Osaka, the US Open champion, turned to herself, her coach and even her racket for answers - she at one point crouched down, gestured with both hands to her racket on the ground, and asked: "Why?"
On two occasions in the third set, the Japanese had two game points but eventually faltered - she hit four straight unforced errors to give Kerber a 5-3 lead.
The 2016 WTA Finals runner-up sealed the victory after she survived a cross-court rally that ended with an Osaka backhand into the net.
Said Osaka: "I'm a perfectionist - I expect a lot from myself and I feel like when other people expect a lot from me, it sort of doubles.
"I internalise a lot of things and then it just explodes and then I start talking to myself on the court."

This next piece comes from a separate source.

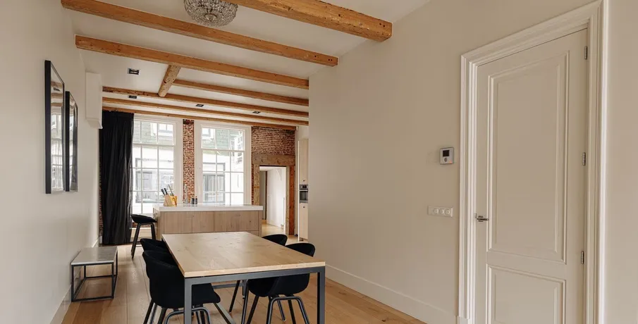 Unique living in the heart of Amsterdam – national monument dating back to 1624. Live in a place where more than four centuries of history, luxury and vibrant city life come together. This exceptional and fully furnished apartment of 133.9 m², located in a beautiful national monument from 1624, offers a rare combination of space, character and an unparalleled location.. LAYOUT. You enter this iconic residence via the representative entrance on the first floor. The spacious living room immediately impresses with a ceiling height of approximately 2.97 metres and exudes atmosphere and authenticity thanks to carefully preserved classical details, exposed wooden beams and a high-quality finish. Modern recessed lighting and large windows provide pleasant natural light and create a warm, luxurious ambiance.. At the rear of the apartment you will find the high-end open-plan kitchen with a stylish cooking island, equipped with modern built-in appliances and generous work and storage space. An inviting area where cooking and socialising naturally come together. From the kitchen, a hallway leads to a separate toilet and additional storage space.. Via the hallway towards the rear section of the property, you reach the spacious bathroom, fitted with a bathtub, washbasin, toilet and practical built-in storage. An internal staircase leads to the sleeping quarters.. The apartment features three generous bedrooms, spread over multiple levels and located on the ground floor, as well as the second and third floors of the rear building. All bedrooms are quietly positioned at the rear and are characterised by an idyllic, serene atmosphere. In addition, there is a separate laundry room, completing the overall living comfort.. LOCATION/ ACCESSIBILITY. The location is truly unrivalled. The property is situated directly opposite the iconic W Hotel, right next to the Royal Palace on Dam Square, with amenities such as Albert Heijn XL within walking distance. Here you are living quite literally in the beating heart of Amsterdam, where culture, history, high-end dining, shopping and all imaginable facilities are just a few steps from your front door.. The immediate surroundings offer an exceptional blend of monumental grandeur and urban vibrancy. From the charming ‘Negen Straatjes’ to the lively Kalverstraat and Nieuwendijk, everything is within easy reach. Amsterdam Central Station is a short bike ride away and provides excellent national and international train connections. In addition, several tram and metro lines in the vicinity ensure fast and convenient connections throughout the city.. The property is also easily accessible by car; via multiple arterial roads, the A10 ring road can be reached within minutes. This outstanding location makes the apartment more than just a place to live: it is a home with a story — atmospheric, characterful and exclusive, offering a unique opportunity for those seeking exceptional living in one of Amsterdam’s most prestigious locations.. SURFACE. Living area: 133,90 m². RENTAL CONDITIONS. - Rental price: € 4,000 per month, excluding gas, water and electricity. - Service charges: not applicable. - Security deposit: equivalent to two months’ rent. - Rental period: indefinite. - Start date: by mutual agreement (available immediately). - Utilities: rent is exclusive of service charges and gas, water and electricity. - Furnishing: rental price includes full furnishing. - Income requirement: minimum net income of 2.5 times the monthly rent. RENTAL AGREEMENT AND OTHER CONDITIONS. The standard ROZ model with additional provisions will be used as a rental agreement.. This information is entirely free of obligation and only implies an invitation to make a bid. An agreement can only be concluded after explicit and written approval from our client.. DISCLAIMER. All specified sizes and surfaces are indicative. The usable area has been calculated in accordance with the NEN2580 standard established by the industry. The surface may therefore deviate from comparable properties and/or old references. This is mainly due to this (new) calculation method. We do our utmost to calculate the correct surface area. However, we would like to emphasize that no rights can be derived from any difference between the stated and the actual size.. The tenant has his own duty to investigate all matters that are important to him or her. The broker is the owners’ advisor with regard to this property. We advise you to engage an expert (NVM) broker who guides you through the rental process. If you do not engage an expert representative, you consider yourself to be an expert enough by law to oversee all matters that are important. The NVM conditions apply.

She lost her first match here in three sets to American Sloane Stephens, and felt last night's battle was a continuation of that.
"I feel I didn't serve well in either of them," said Osaka.
"I'm proud of myself for being able to make the matches so close without really having a first serve, but I'm not really sure how that's going wrong and I want to practise it.
"I'm playing against the best players in the world.
"I feel like I want to be in top form but I'm not really there, so it's a little bit depressing."
Osaka's chances of progressing to the semi-finals of the US$7 million (S$9.65 million) tournament were kept alive by Stephens, who defeated Bertens 7-6 (7-4), 2-6, 6-3 in the second match.